Dig Deep – Construction of RFID Tags

RFID tags, along with interrogators, antennas, and peripheral devices, form a physical layer of the RFID system. As you know, RFID tags use electromagnetic wave propagation and inductive and backscatter coupling to communicate with interrogators. But how are these tags made? Let’s discuss tag components including the RFID chip and its construction.

RFID tags are made of three different components: an RFID chip, which is an integrated circuit (IC), an antenna, and a substrate. A tag manufacturer typically does not make all three components in-house. The IC is typically designed and made by a semiconductor manufacturer, while an antenna is usually designed and made by a tag manufacturer. Tags are available in various sizes, designs, and form factors, and they can be customized for a particular application. Unless you need a very large number of tags, you should try to use stock tags because customized tags can be very expensive.

An IC, also called an electronic circuit, microchip, or chip, is designed and manufactured by a semiconductor manufacturer.
The IC has a logic unit that makes decisions and provides memory to store data. Actually, the IC is a small microprocessor, and the latest ones have 40 to 50 thousand transistors, more than the original IBM PC. The IC needs power to operate. This power may come from a battery on the tag (in an active tag) or it may be obtained from the radio energy radiated by the interrogator antenna (in a passive tag). A part of the IC is dedicated to controlling power.

The ICs on each wafer need to be cut and separated and then attached to a tag antenna. As the size of IC decreases, it requires more precise equipment to connect it to the antenna, which can increase the cost of assembling the tag.

The antenna is the largest part of the tag and is connected to the tag IC. The antenna receives the signals from the interrogator and, depending on tag type, it either transmits or reflects the received signal back. For active tags, it transmits the signals, and for semi-passive and passive tags, it reflects the signals. For passive tags, the antenna also collects power from the radio waves and supplies it to the IC.

Antennas are usually made of thin metal strips of copper, aluminum, or silver. These strips are deposited on the substrate at high speeds, using one of three different methods: copper etching, foil stamping, and screen-printing. Screen-printing is the fastest and the least expensive of all three processes, but the antennas created using this method are less efficient than those created by the other two methods. Because many tags will be included in the labels and the label makers’ expertise is in printing, a screen-printed antenna using conductive ink containing copper, nickel, or carbon would make the tag creation process less expensive and will integrate it with the label making process.

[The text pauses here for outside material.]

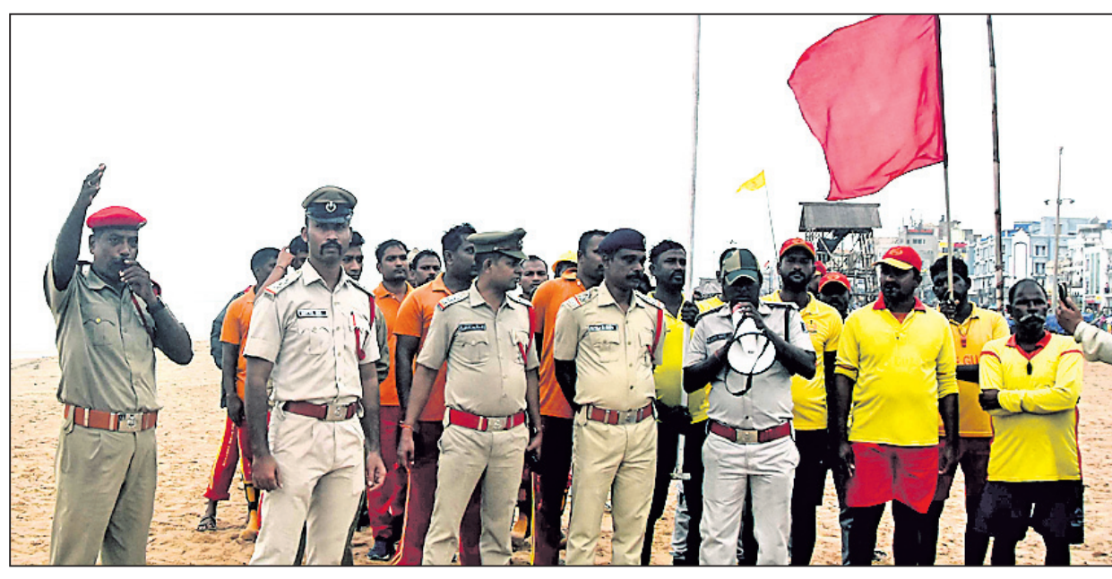
ପୁରୀ ସମୁଦ୍ର ଅଣାନ୍ଦ ଥିବାକୁ ଗୁରୁବାର ପର୍ଯ୍ୟନ୍ତକେବଳ ସମୁଦ୍ରକୁ ନ ଯିବା ପାଇଁ ଅଗ୍ନିଶମ କର୍ମଚାରୀ ଓ ଲାଇଫଗାର୍ଡମାନେ ସଚେତନ କରାଇଛନ୍ତି ।

The substrate holds all other tag components together. The tag antenna is deposited or printed on the substrate, and the IC is then attached to this antenna. A substrate is usually made from flexible material such as thin plastic, but it may also be made from rigid material. Most passive tags use substrates made from flexible material with a thickness of 100 to 200 nm. The substrate material must be able to withstand various environmental conditions through which the tag may pass during its lifecycle. Some of the materials used for the substrate are polymer, PVC, Polyethylenetherephtalate (PET), phenolics, polyesters, styrene, and even paper. The substrate material must provide dissipation of static buildup, a smooth printing surface for antenna layout, durability and stability under various operating conditions, and mechanical protection for the antenna, chip, and their interconnections. Some of the environmental conditions that can affect the substrate are heat, moisture, vibration, chemicals, sunlight, abrasion, impact, and corrosion. The substrate material may affect the design frequency of the antenna; therefore, the effect of substrate material must be considered during proper tuning of the antenna.
One side of the substrate is usually coated with an adhesive material to attach the tag to an object. The adhesive material must be able to withstand appropriate environmental conditions. Sometimes, a protective overlay made from materials such as PVC lamination, epoxy resin, or adhesive paper is added to protect the tag from environmental effects.